At the start of this week, I met with the graduate student I’ve been working alongside, Romanos. Romanos had been so incredibly helpful, walking me through more complicated steps in the code and answering my barrages of questions with so much patience and enthusiasm. Now that I have a good sense for how the code works and how the packages work together, I’ve begun working on the tasks that have been assigned to me. I started with some of the easier tasks, such as renaming the intermediate files that are generated as the program runs and shifting some repeated code to be a macro. I’m a bit surprised by how much I’ve already learned and how quickly I’ve been able to contribute to the project, even if it is minor – I was bracing for a much longer on-boarding experience, but I’m really glad I’m able to be productive so soon into this summer. Some other things I changed included fixing a persistent warning, expediting the startup process, and starting on some of the class documentation. Beyond work, I’ve been getting to know the area a bit better, but the temperature and humidity are a bit higher than I’m used to.

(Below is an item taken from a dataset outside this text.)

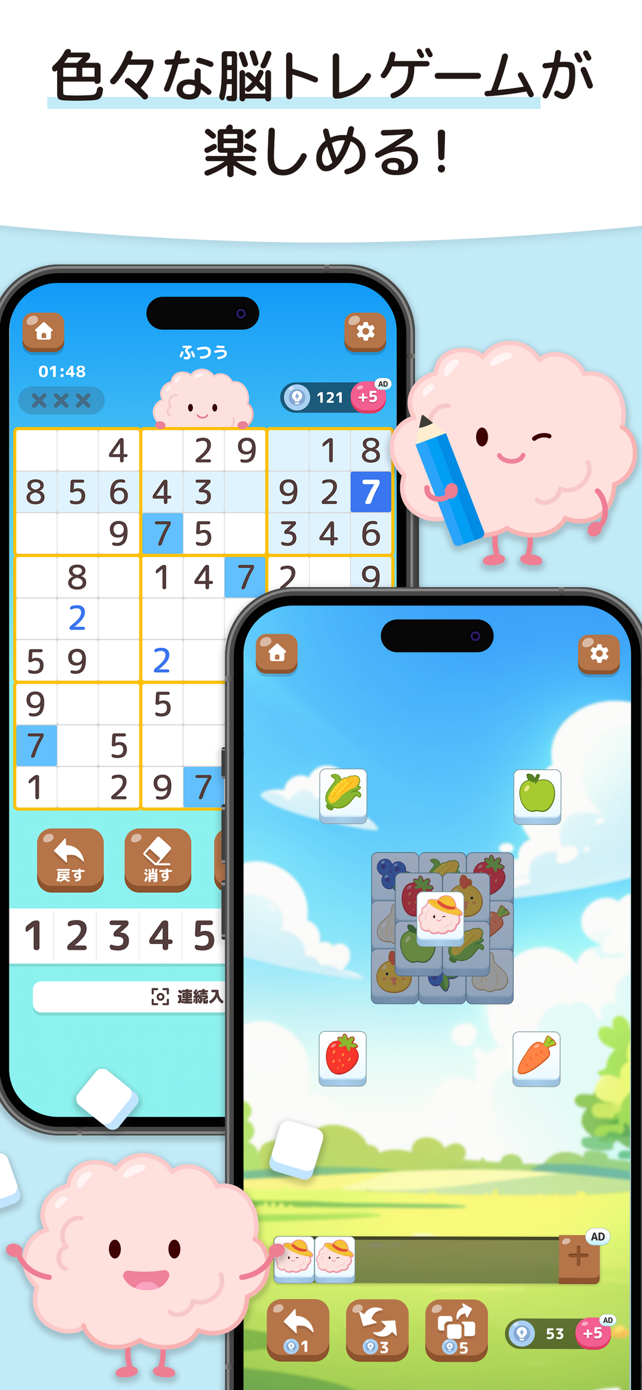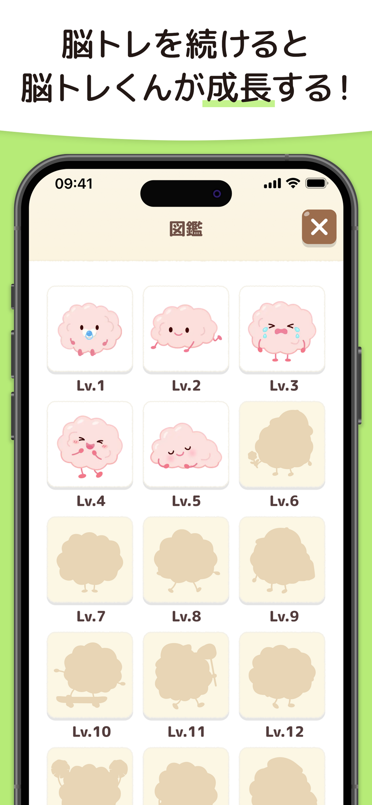 脳トレを続けることでゲームキャラクター「脳トレくん」が成長。成長した脳トレくんを図鑑にコレクションできる楽しみや、キャラクターへの愛着が、継続のモチベーションに繋がります。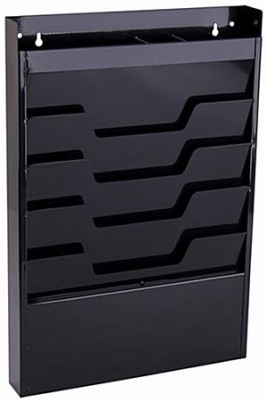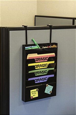 This wall file hanger is more versatile than your average mounted office organizer. The black powder coated metal folder system comes with mounting hardware to fix the unit to many structures, and can also be laid flat for desktop placement. With the help of an add-on accessory, the file hanger with 4 folders can also be hung over office fixtures like cubicles, doors, or partitions. Each pocket fits letter size folders in landscape orientation and has radius cut-outs for easy access and viewing of literature. A rectangular organizer section at the top allows for more than just paper products to be stored in this folder system. Whether mounted, hung, or resting on a desktop, the durable black file hanger makes organizing your office easy and stylish.

This week was my first week in Dr. Kavaraki’s lab. It was a pleasure to meet the lab manager, Dr. Kingston, as well as the members of the biology group. At my first meeting, I got a better sense for the grad student’s projects, including which project I’ll be working on. This project, headed by Romanos, involves modeling and predicting how a given peptide will bind to a Major Histocompatibility Complex (MHC), which is a protein complex core to the immune system. I spent the rest of the week digging through the code for this project, learning the ins and outs of the packages and processes being used. I had an excellent time getting to know the members of the lab, attending meetings, and exploring Rice’s campus. While Texas in the summer is a bit warmer than I’m used to, it seems like a fun city and I’m excited to spend the next few months here!